The extension or improvement of an existing technique, e.g. to extend its range of application, or improve its efficiency or output quality.
The discover of new applications of a technique either within an artificial system or the modelling of some natural system.
The implementation of a combination of techniques to build a computer system.
The better understanding of the properties of a task that these techniques might undertake, e.g. that it is NP Complete, so that it is unlikely that a polynomial solution exists.
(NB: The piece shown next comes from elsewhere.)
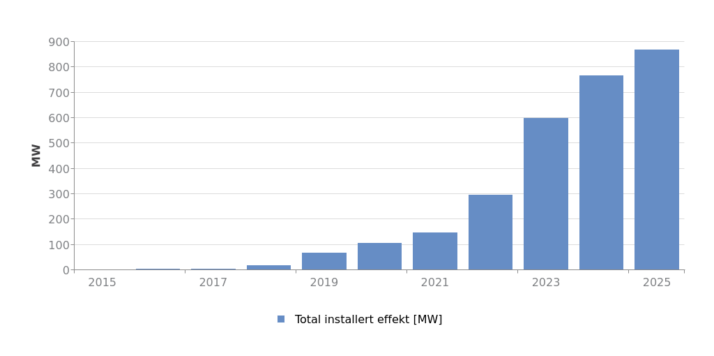 Utvikling i nettilknyttet installert effekt for solkraft i Norge.

A hypothesis will then take the form of a claim that such an advance has taken place. The space of such possible claims is multi-dimensional. Below we discuss some of these dimensions. Firstly, a claim can be formulated at different levels, i.e. be about a task, a system, a technique or a particular parameter. They might, for instance, take one of the following forms:

All techniques to solve task X will have property Y.
System X is superior to system Y on dimension Z.
Technique X has property Z.
Technique X has relationship Z to technique Y.
X is the optimal setting of parameter Y.

Dimensions of Comparison

Properties of and relationships between techniques and systems can be characterised by placing or relating them along particular dimensions. Below I describe some of these dimensions, grouping them as scientific, engineering or cognitive science.

Scientific Dimensions

The following three scientific dimensions are fundamental in the sense that they are relevant not just to the theoretical study of Informatics techniques, but also when they are being used as engineering tools or for modelling natural systems.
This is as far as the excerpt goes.